Where head I? The same destination I've always sought.
Always magical because of my fabrications, but evermore to
Lack your material presence- just like I... Oh..
Kind you are not, in being or in thought.
An average walk; one I take with the most frequency. All about me are various trails to traverse, heading here or there, but I always head towards the place that enchants me with memories of you and all I attributed to you and how much you always meant to me, for better or for ill.
The five corpses of cormorants have decayed, I notice, but whoever the sadistic man is who is killing them must have attempted a sixth killing: a poor cormorant hobbles, with one wing extended- broken, shot, or both- as fast as it may. I make a note to seek it out on my way back and perhaps inquire as to what can be done with it, rehabilitation wise. It scoots off and I feel terrible and guilty but continue down the road of sugary, dirty sand.
A family- mother, son, and daughter- are underneath the bridge. I believe I frighten the lady, who probably assumes that I am off to either use or buy drugs. I smile meekly and continue on, forsaking my usual gaze into the brown water.

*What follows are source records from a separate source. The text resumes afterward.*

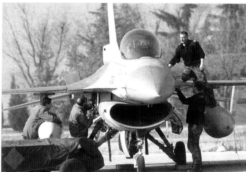
La protection d'une base aérienne a comme mission première d'assurer la continuité du service de vol.

Pour de nombreux pays, la sécurité d'une base aérienne et de ses installations est logique-
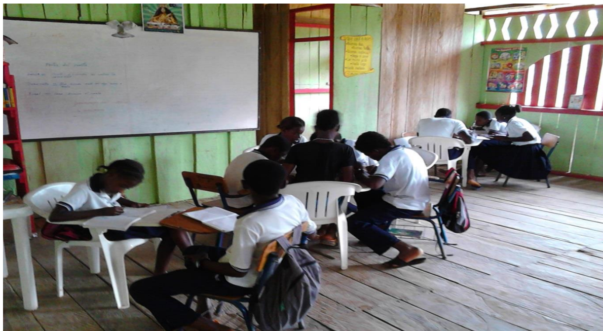
Figura N° 14. Estudiantes realizando trabajo grupal.
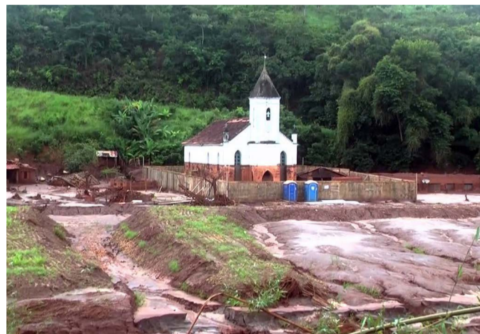
A comunidade rural de Gesteira foi duramente atingida pela lama de mineração em 2015

As negociações estão ocorrendo no âmbito da 4ª Vara Federal de Belo Horizonte, sob a condução do juiz Michael Procópio. No dia 24 de abril, na segunda-feira, está prevista a próxima audiência de conciliação.
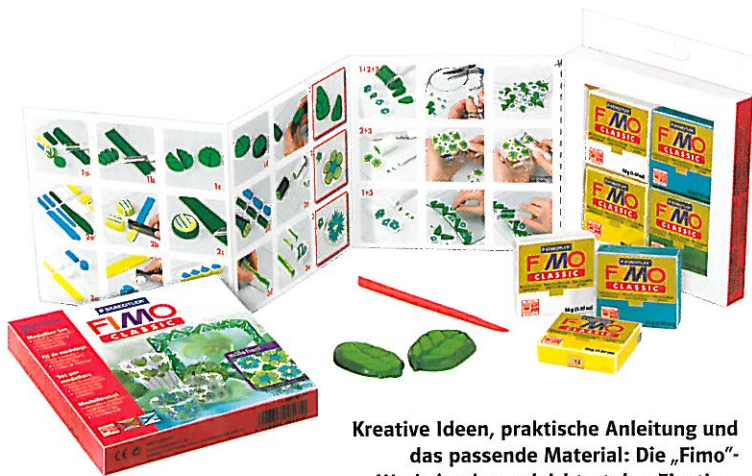
Kreative Ideen, praktische Anleitung und das passende Material: Die „Fimo“-Workshopbox erleichtert den Einstieg.
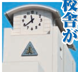
▲新校舎のシンボル「時計台」
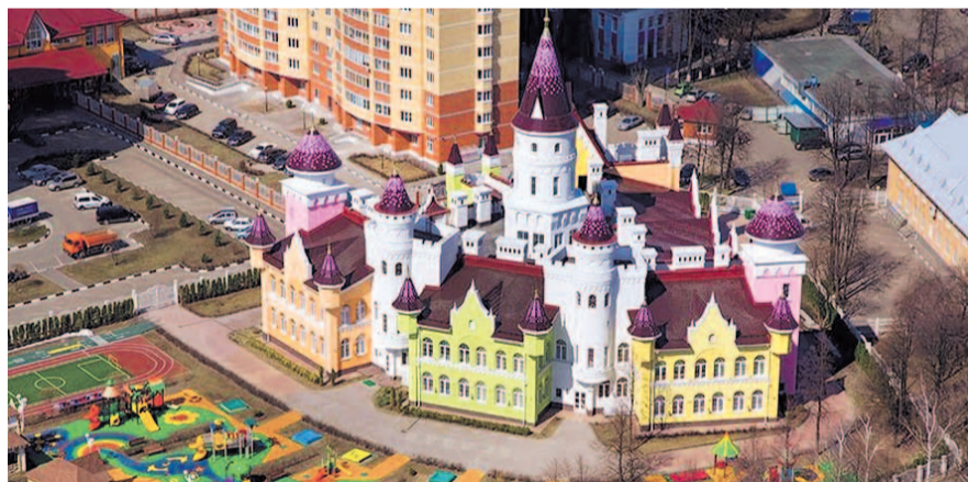
НА ФОТО: ТАК ВЫГЛЯДИТ ДЕТСКИЙ САД В СОВХОЗЕ ИМ. ЛЕНИНА

Вбросили вторую тухлую утку: ГРУДИНИН олигарх, и он не может представлять интересы народа. Ответ во-
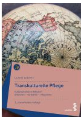
Transkulturelle Pflege Ladenpreis: 24,90 EUR
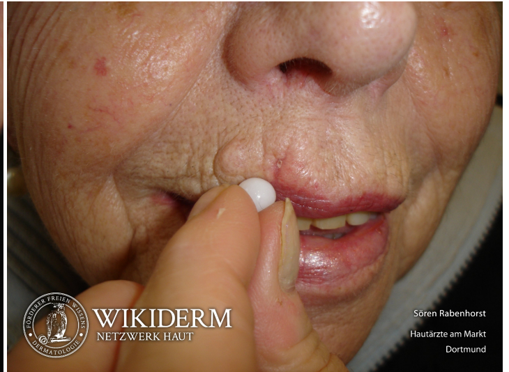
Fremdkörper, Oberlippe, Abb. 3

Sören Rabenhorst Hautärzte am Markt Dortmund
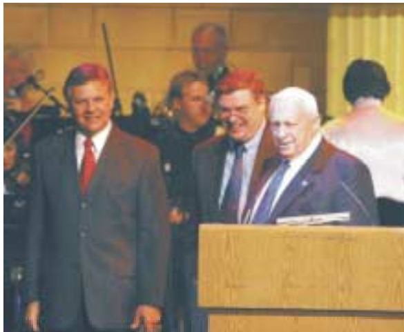
Premier Sharon wordt verwelkomd door de deelnemers van het Loofhuttenfeest

Na het verlaten van de Citadel gaan we naar het restaurant van Christ Church om daar de lunch te gebruiken. Na de lunch vervolgen we onze weg door de joodse wijk richting Klaagmuur, waar we kort de gelegenheid hebben om rond te kijken, te bidden, enz. Met de taxi worden we weer naar het hotel gereden waar ons een heerlijk diner wacht.

It's nice to get out, and out of my house and out of all other stifling, oppressive places, my problems are more clear- revealing that they are, indeed, insolvable but at least able to be classified if only I would bring a pencil and paper to write it all down for future reference..
There are many, many birds out, as it should be. I believe they are robins; they look like the proud bird I saw hopping about in Idaho. It's pretty. It's nature. And it reminds me of you. It makes me wish I weren't alone, so that I could vocalize all the small joys I could feel from what is about me, if only the darkness within me weren't suppressing such things. I continue on.

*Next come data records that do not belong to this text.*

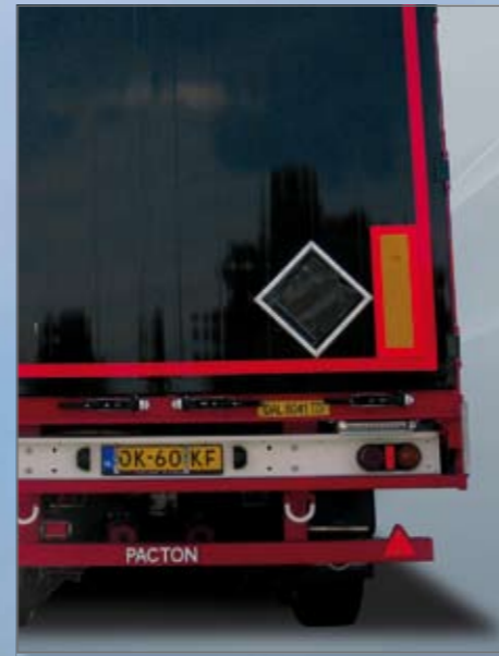
Standaard uitvoering met anti-vacuüm-ventielen en vangkabels.
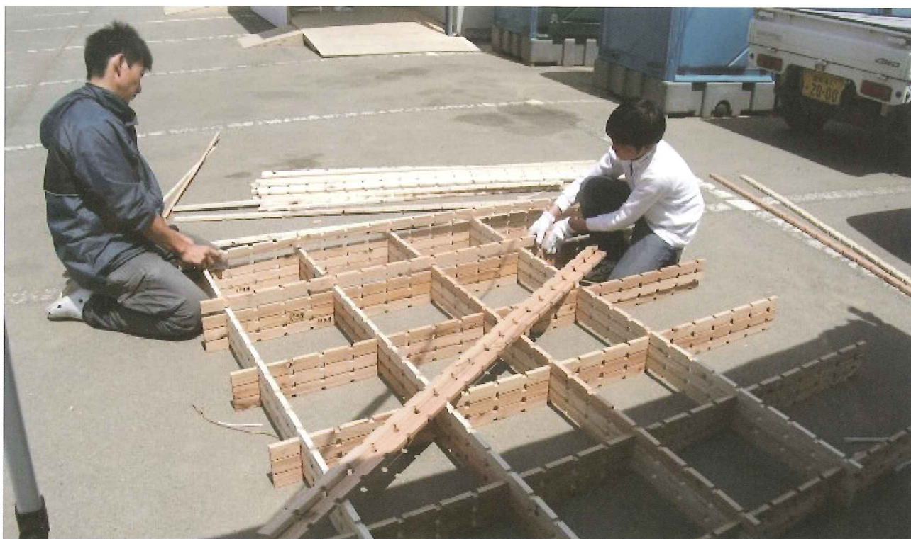
誰もが手軽に簡易な道具のみで組立可能
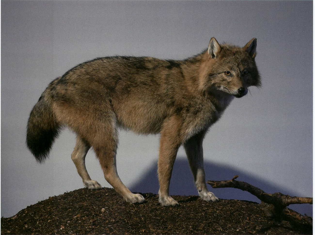
Abb. 2: Der erste und bislang einzige Goldschakal aus der Schweiz, der hierzulande in einem Naturmuseum bestaunt werden kann.

irrtümlich in der Surselva erlegt wurde (Abb. 2). Es handelte sich um den erst vierten Nachweis dieser von Osten in die Schweiz einwandernden Art und um das erste Tier aus der Schweiz, das in einem Naturmuseum zu sehen ist. Aus Anlass der Präsentation dieses Tiers wurde die Raubtiervitrine vergrössert, so dass nun sämtliche grösseren Raubtiere hinter Glas stehen.
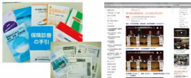
▲オリジナルの参考書籍は大好評 ▲ホームページは随時、内容更新
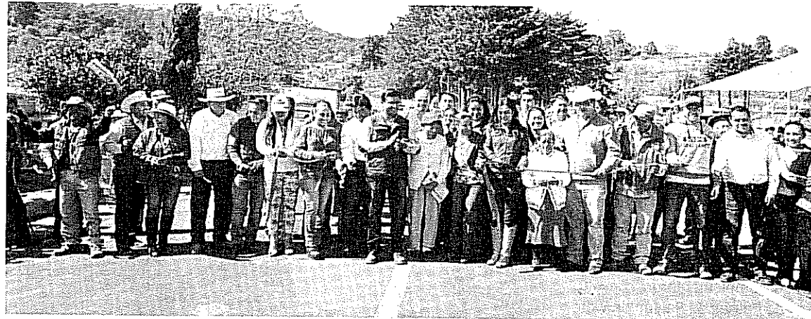
Se concluyen importantes obras en beneficio de El Lindero. Reconocen autoridades estatales en Jocotitlán un ejemplo de trabajo.

Asimismo, Esquer Cruz comentó que el gobernador, Eruviel Ávila Villegas, será un importante aliado de Jocotitlán para concretar importantes proyectos, al igual que el gobierno
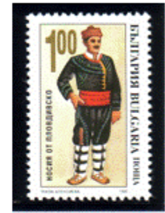
Männertracht aus Plovdiv
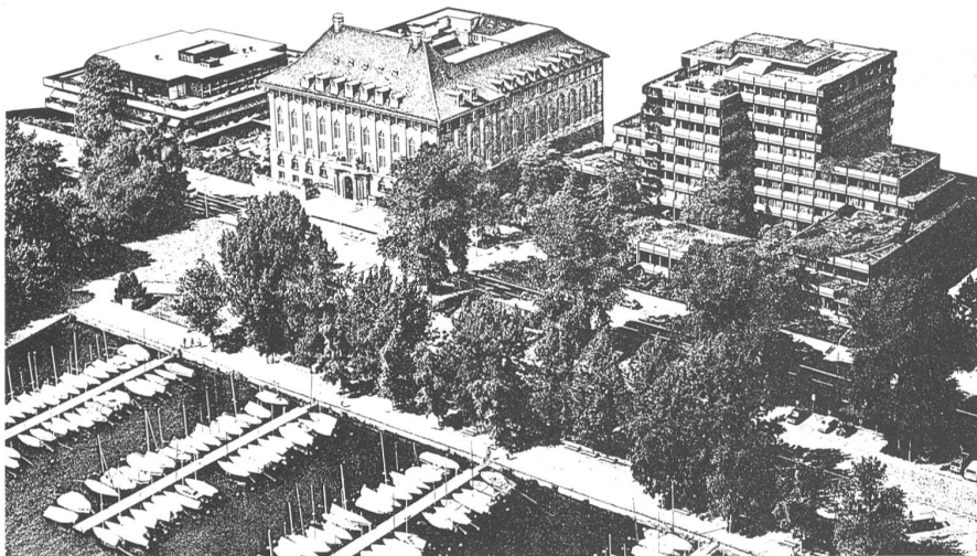
Geschäftsgebäude der Schweizer Rück am Zürichsee, nahe dem Stadtzentrum

Personalabteilung Postfach, 8022 Zürich Telefon 01/208 21 21
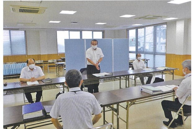
開会挨拶を述べる 楠瀬代表監事
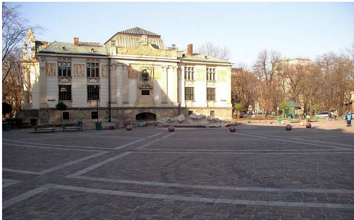
Fot. nr 146 (146-147). Plac Szczepański w nowej, secesyjnej szacie. 26.11.10
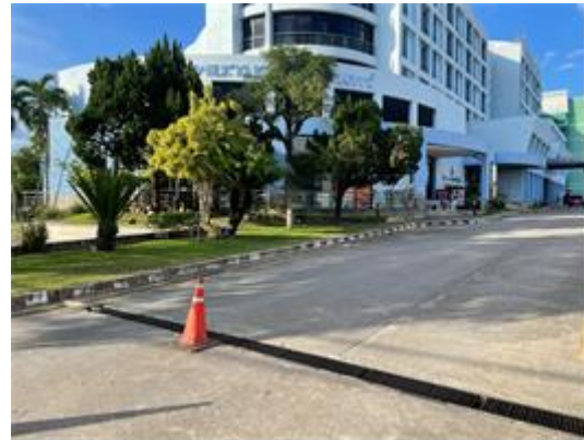
รูปที่ 2-2 คูแฉพื้นที่สีเขียวของโครงการ โดยเฉพาะไม้ยืนต้น

My thoughts follow the same pattern they have for years as I walk here.. Still! Still I cannot understand these things! Still I lack hope in the most complete way, both consciously and unconsciously, and yet simultaneously hold on to a dream- as the basis for that dream within me crumbles to minuscule pieces. The thoughts I harbor are the same I did a year ago- a year and a half ago- very near to two years ago. It is as if I cannot extricate myself from a cruel dream in which I play the part of one who can be neither pitied nor liked, loved or hated, understood or misunderstood, and though living, can never live because others have denied her existence.

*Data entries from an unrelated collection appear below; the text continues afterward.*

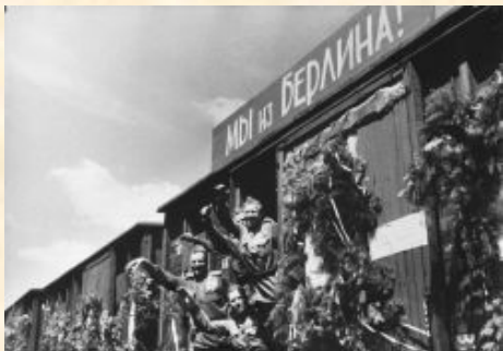
Советские солдаты и эшелон «Мы из Берлина!»

Основное значение Великой Отечественной войны состояло в том, что она окончательно сломила немецкую армию, не давая Гитлеру возможности дальше продолжать свою борьбу за мировое господство. Война стала переломным моментом в ходе Второй Мировой и, фактически, ее завершением.
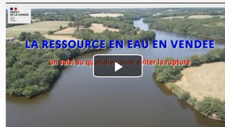
La ressource en eau en Vendée

Ces arrêtés ont pour objet de faire face aux conséquences de la sécheresse et aux risques de pénurie d'eau dans le département de Vendée
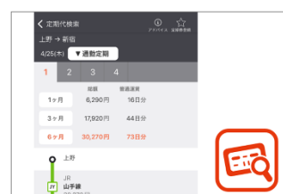
▲ 定期代検索とのりこし精算
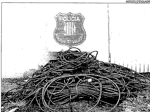
Coure que volien robar a Torregrossa decomissat pels Mossos.

explica que els lladres tot just tenen temps de robar. "Els sento i baixo de seguida, l'última vegada vaig veure com fugien corrent." Ara ha ampliat el sistema de videovigilància del negoci com a mesura dissuasiva.
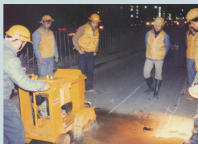
鋪設管線柏油路面切割。
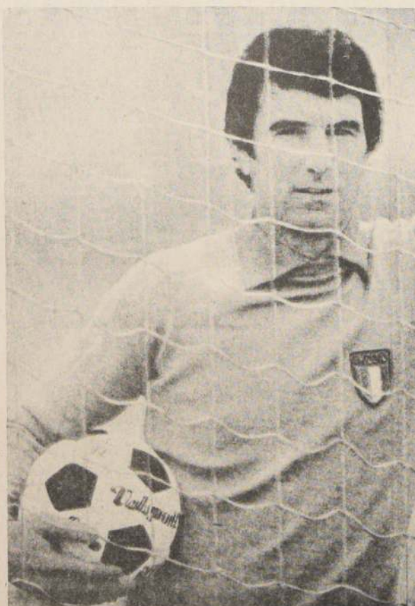
DINO ZOFF. — Casi cien partidos defendiendo a Italia en los tres palos. A los 40 años de edad, puede decir que lleva 35 en el portico.

Bearzot tendrá que depositar confianza en jugadores como Franco Graziani, Roberto Pruzzo o Sesto Altobelli.
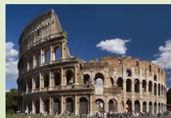
Anfiteatro Flavio. 72 d. C.
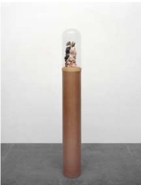
Thomas Schütte Ohne Titel (3 Skulpturen aus der Serie United Enemies ), 1994-1995 Fimo, Stoff, Hanfschnur, Plastikklebeband, Glas, Holz, PVC Je 191 x 26 x 26 cm

MIGROS MUSEUM FÜR GEGENWARTSKUNST LIMMATSTRASSE 270 POSTFACH 1766 CH-8005 ZÜRICH
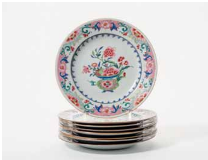
130 Een serie van acht 'famille-rose' borden Qianlong Met een centraal decor van een mand met bloemen, langs de rand servetwerk en pioenrozen. Diam. 22.5 cm (8x) € 600 - 800

Dreaming. It must be a cruel dream. No one lives like this, right? No one is like me! Not one person! No one holds on to the things I do! No one is so suppressed in real life! No one is imprisoned by their very existence! No one is given only one exit: death! Therefore: I dream; surely I dream.
But no one will wake me up. The ones I love care not to do so.. Why? Why am I always first to be forgotten and hated?
But I do not cry. I do not wish to return home, to my mom, with incriminating eyes and a reddened face. I do not wish to brush off the truth and ignore the elephant in the room after it has kicked me in the face.